School of Information, University of Texas at Austin.
While data science is vociferous about it value, it is oddly silent about its values. Algorithmically-driven analysis of very large data sets, often falling under broader categories of machine learning (ML) and artificial intelligence (AI) has already become an integral part of our social fabric. We continually monitor ourselves, each other, and the environment in an increasingly data-intensive manner, and policy decisions are more and more often being made on the basis of the results of opaque, occulted (Slota, Slaughter and Bowker, 2020) or otherwise black-boxed analysis of very large, heterogeneous data sets. Our relationship with data is changing, both as individuals and as a society. Self-tracking and quantification provides a data-oriented mode of understanding our own behaviors, bodies, and lives. (Berson, 2015) As a society, we are rendering ourselves increasingly computable, with greater portions of our lives tracked, quantified, and analyzed as part of our daily activities. (Cheung, et al. 2017) Similarly, we are changing the nature of our society - creating new kinds of ‘social facts’ built around the ubiquity and presence of tracking, data collection, and the presentation of results of that collection to us. (Boullier, 2015) We are witnessing fundamentally new modes of social organization such as the widespread use of predictive analytics in a variety of fields, which can work to create new ways in which our behaviors and practices might be governed. (Foucault, 1977; Mackenzie, 2013; Lövbrand et. al, 2012; Williamson, 2016; Dow-Schull, 2012) Even disregarding these external or societal orientations towards data and analytics, there is reason to believe that our own relationships, attitudes, and priorities around data collected about us is changing. For example, both the scope of the available technology and our social understanding of the nature of a right to privacy are fundamentally different from the situation fifty, or even twenty, years ago (Solove, 2015; Martin, 2014; Nissenbaum, 2009).

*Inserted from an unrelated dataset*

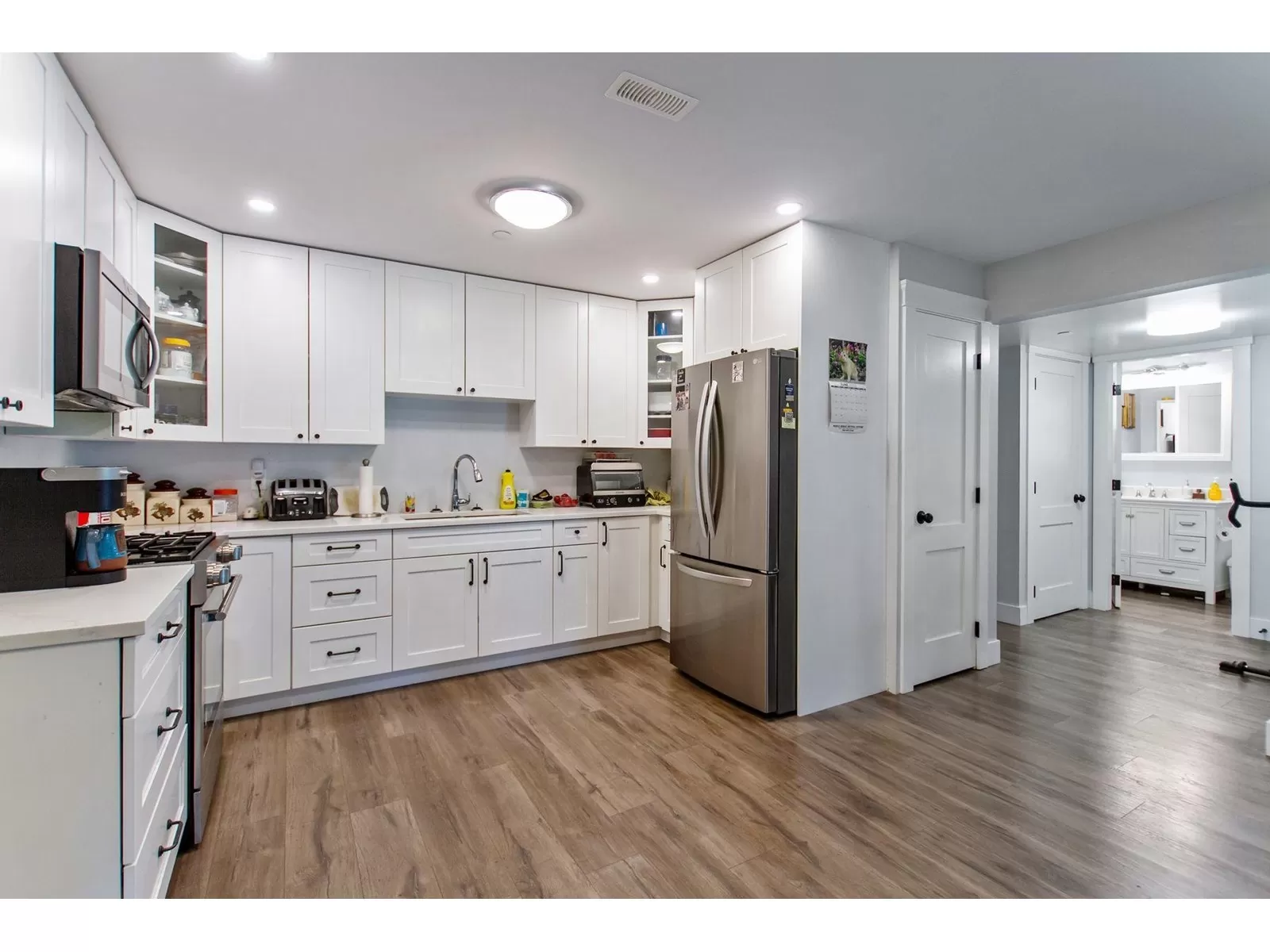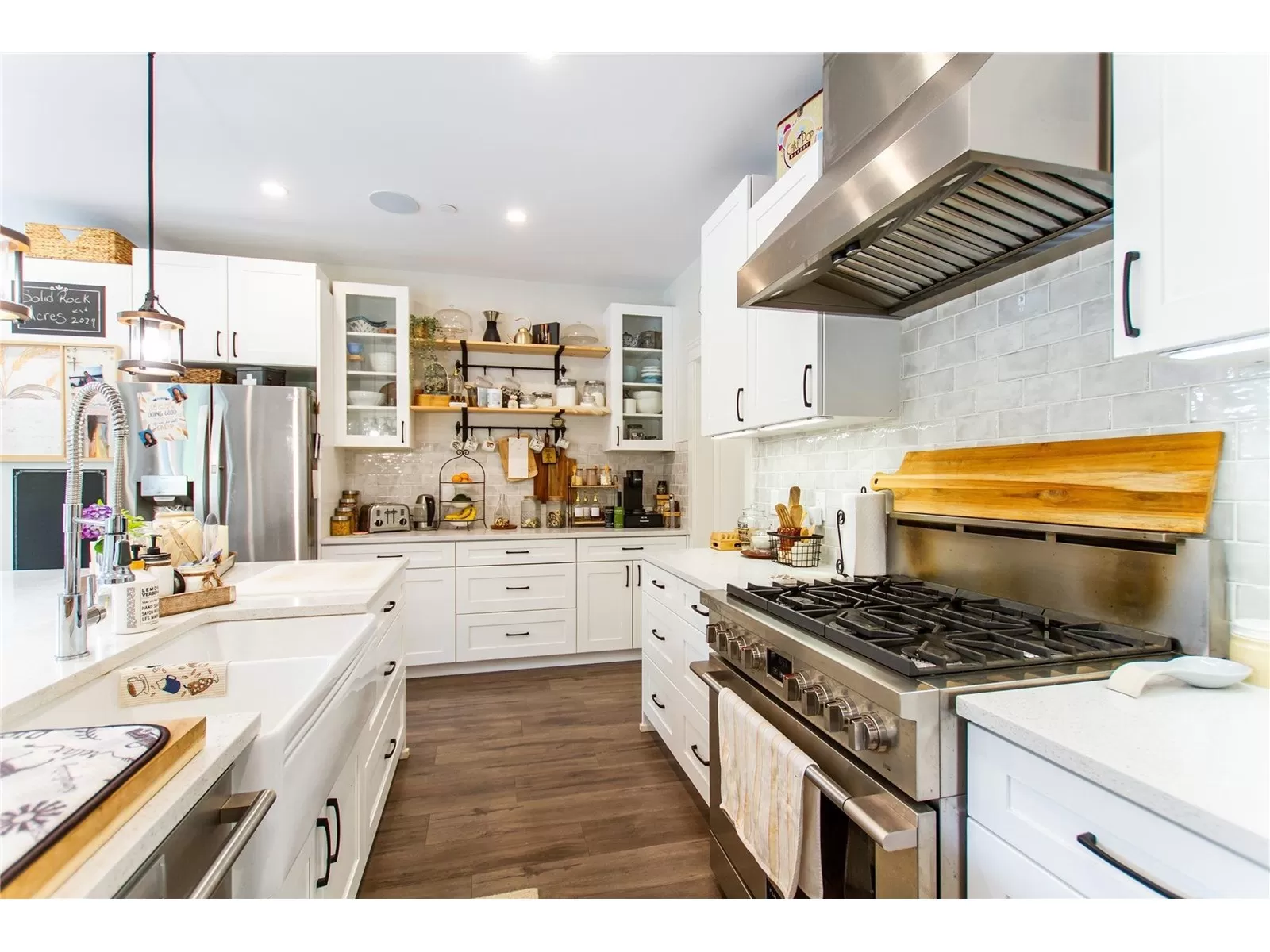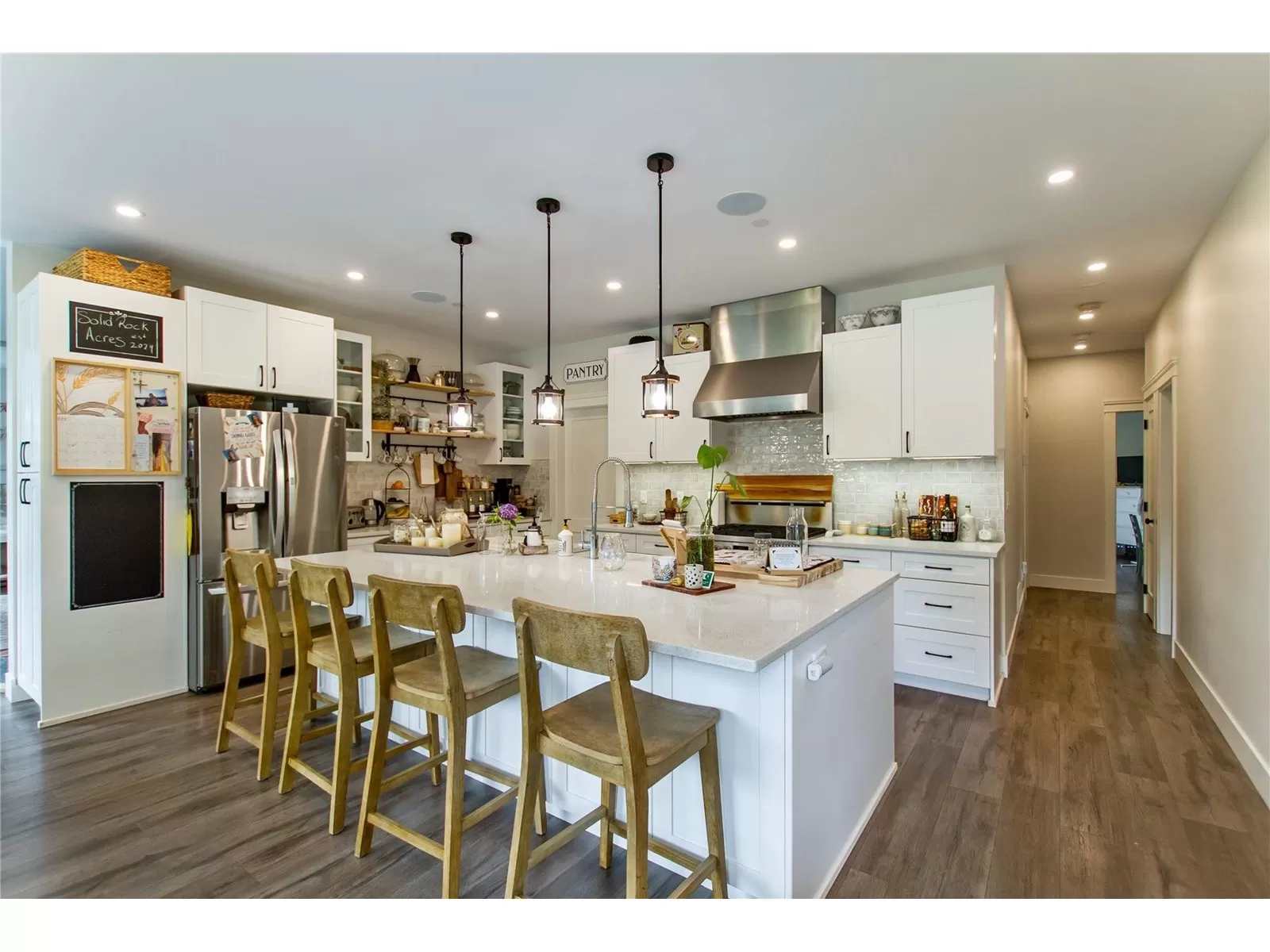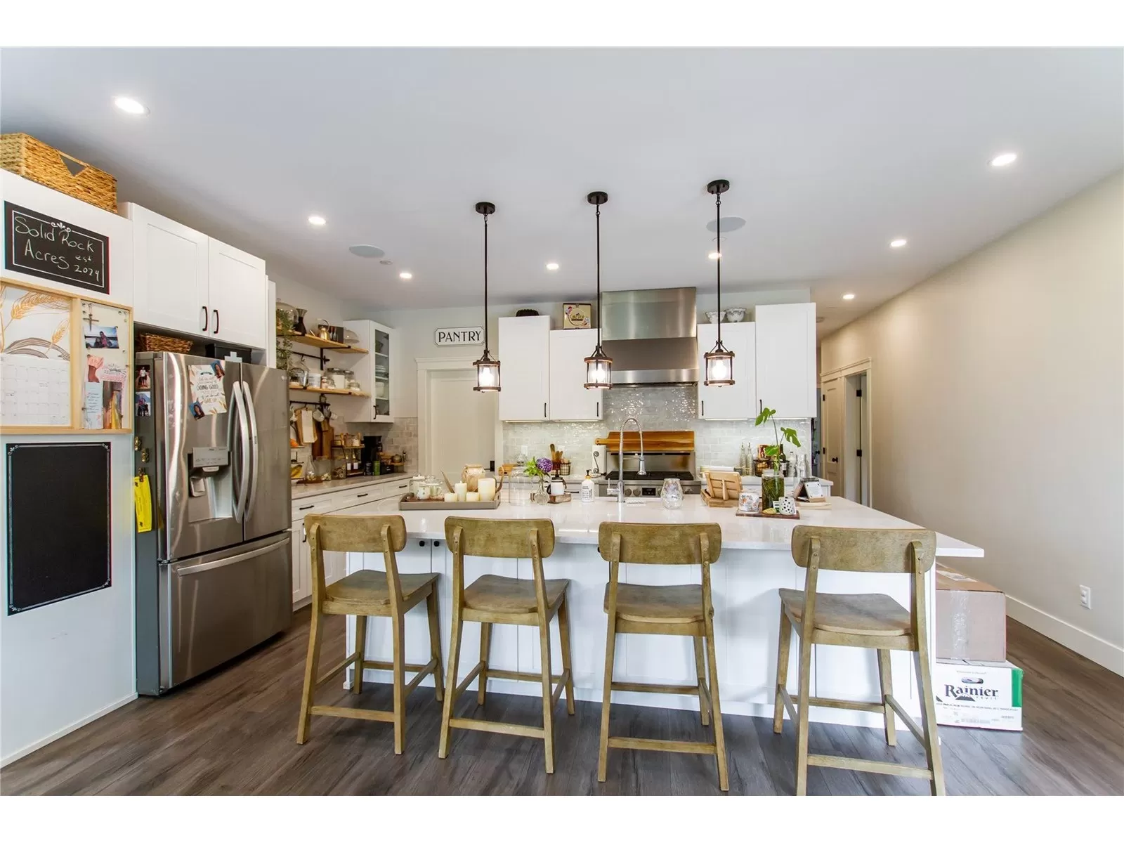MULTI-GENERATIONAL living at its finest. Short 10 min. drive to town, school bus services. 8 bdrms, 5 bath home has everything. Two separate walk out entry in-law suites each one bedroom, separate kitchens and living rooms and a shared laundry, suites are spacious ground level. The main house boasts a beautiful kitchen that would be any chef's dream, connected to the dining room which is spacious enough for the whole family. The main level has the primary bedroom with a double walk-in closet en-suite you will want to soak away the cares of the day. Three good size bedrooms and the main bathroom down a separate hall to keep the kids and their toys in their own area.The top level has two large bedrooms for the teenagers or young adults in the home to be able to have their own quiet area. Full bathroom upstairs, a large office and a fantastic family room. All of this offered on a private 4.95 acre lot with ample parking, lots of trees, mature garden and great fields to enjoy your little piece of heaven on earth! (id:27476)

Emergent properties of large, connected heterogeneous data sets and the algorithms needed to effectively mine useful information from them are substantively different from data analytic techniques that work with intentionally-collected data and relatively confined research spaces. Data science is unique in its deviation from the traditional ‘data lifecycle’ that begins with observation and moves through storage, cleaning, analysis and revision (Borgman, 2007; Borgman et al., 2008). Rather than working from initial observations of the world, novel data science leverages trace data (Geiger and Ribes, 2011) data collected from a heterogenous sources towards a variety of different uses, and data collected about individuals largely without their knowledge producing its outputs. As such the variety and quantity of data as well as the often-counterintuitive outputs of algorithmically driven analysis such as machine learning make it significantly more difficult to predict harms; they enroll a substantively larger population of individuals being observed through increasingly varied avenues of data collection; and their conclusions often have the weight of knowledge without significant accounts of their uncertainty. Beyond all of this are issues arising from attempts to understand and assert the accountability of increasingly ‘black-boxed’ analytic techniques – particularly when the outcomes of research conducted using those techniques are used to inform policy, direct resources, and respond to emergency situations (Lehr and Ohm, 2017).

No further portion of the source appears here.